Of course, some organizations, like some families, are harmful, so we have two designations: Grade A (for altruistic) and Grade B (for bad). Our manual defines a Grade B qualifier as "a malevolent group, often with a charismatic leader, which deceives and abuses members and causes real harm to the society in which it functions." Grade B licensees include dangerous groups that arm themselves with automatic rifles, preach fear and hate and stockpile cyanide. Grade A groups include churches and institutions. Indeed, most of our licensees are Christian. The reason behind this predominance is not governmental bias, but Congressional expert testimony that Christianity dwells on the End of the World, the Apocalypse and the Day of Judgment. Psychologists have concluded that when groups hold the idea that the end is near, coupled with the belief that their leader is the Chosen One (as with "Do" of the Heaven's Gate group), you have all the ingredients for being a legitimate cult.

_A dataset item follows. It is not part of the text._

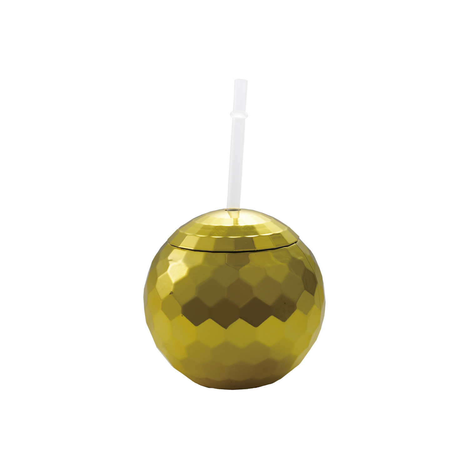 Catalog Name: 4-1/4" Round 20 oz. Plastic Mirror Ball Cup w/ Lid & Straw, Gold Color, Set of 2

We realize that the US press does sometimes ineptly brand Eastern religions as cultish, but their misjudgment will not help your group to receive recognition from this office. That brings us to your failed application. In your submissions, you have noted that we have not approved a single Hindu cult, and you have said this strikes you as unjust. Scholarly informants assure us that Hindus just don't qualify. They cite the Osho/Rajneesh phenomenon in the '80s, but note he was a renegade Jain, not a Hindu. Transcendental Meditation is high on many cult lists, but they make no claims of being Hindu, and the only danger they pose is a ruinous loss of followers' anxiety.

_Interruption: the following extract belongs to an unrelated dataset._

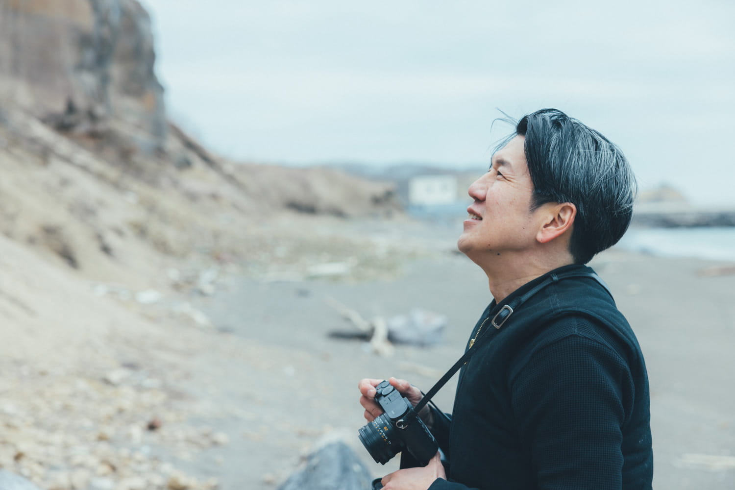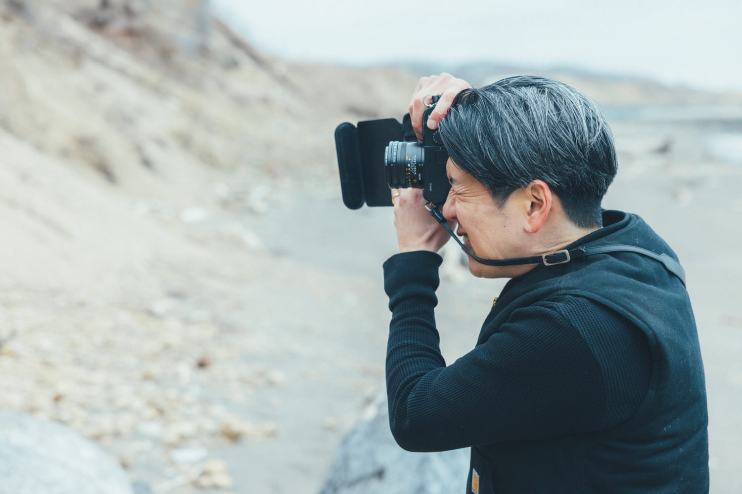 10年ほど愛用しているカメラで断崖の亀裂面や流木の写真を撮る国松さん

It may seem discriminatory, but there are no credible Hindu cults. We have concluded that this is your fault, not ours. Why? Hindus don't possess the narrowness that any resourceful cult nurtures in members. Hindus see God everywhere and in everyone. That belief renders them inept in the arrogant arts and the social and psychological antagonisms which are the bread and butter of reputable cults. Moreover, they are quite incompetent when it comes to the requisite skill of forcing their beliefs on others, thinking, as they do, that all paths are worthy and each soul will ultimately attain spiritual liberation, with none suffering eternally in Hell. They are, to put it quite plainly, too occult to be a cult.
If ever these shortcomings are rectified--and especially if you or your affiliated ashrams and temples could offer some verifiable proof of commitment to a Messiah or a millenarian worldview or if Hindus are ever implicated in a mass suicide or if your tradition ever mitigates its stubborn universalistic openness toward other paths--we will be pleased to reconsider your application.